Знаешь, что я понял, перебирая обрывки воспоминаний? Что наша память — не архив, а свалка. И самое ценное там — не факты, а тот мусор, который мы по ошибке приняли за сокровища.
Вот, смотри. Говорят, мой дед Рахим был суровым человеком. Говорят, он мог быть жесток. Но что я помню? Ничего. Три клочка кинопленки, отпечатавшейся в мозгу, и их достоверность — под огромным вопросом.
Первый клочок. Он привозит мне орехи и букварь. Стоит молча. А я, пацан, чувствую не деда, а какую-то каменную глыбу, вставшую в нашей квартире. И тишина от него — густая, тяжёлая, как будто он принёс её с собой вместо воздуха.
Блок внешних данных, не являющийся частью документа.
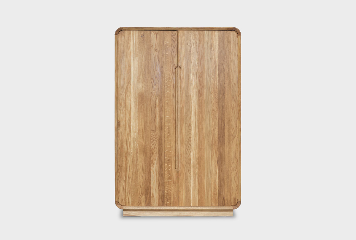 Высокая тумба «Монблан» в цвете «бейц-масло» — это воплощение элегантной функциональности, мягкая, без острых углов, с характерными скруглениями, которые визуально облегчают конструкцию и делают её особенно приятной для прикосновения. Утопленные ручки, встроенные в фасады, подчёркивают лаконичность и современный стиль.

А потом — второй клочок, испорченный кадр. Все вышли, и он поворачивается ко мне. И его лицо, это каменное лицо, вдруг искажается. Он не оскаливается, нет. Он обнажает зубы. Короткий, резкий звук по-татарски, которого я не понимаю. И в его глазах — не ненависть. Хуже. Холодное, безразличное презрение. Как к насекомому. Этот взгляд парализовал меня тогда. И сейчас, когда я его вспоминаю, по спине бежит холодок.
И вот я, взрослый мужик, ловлю себя на мысли: а был ли этот момент вообще? Или мой детский мозг, напуганный этим молчаливым великаном, сам его придумал? Дописал туда нужную эмоцию, чтобы оправдать свой страх? Это же хуже любого кошмара — не знать, что правда, а что твой собственный вымысел, въевшийся в память как реальность.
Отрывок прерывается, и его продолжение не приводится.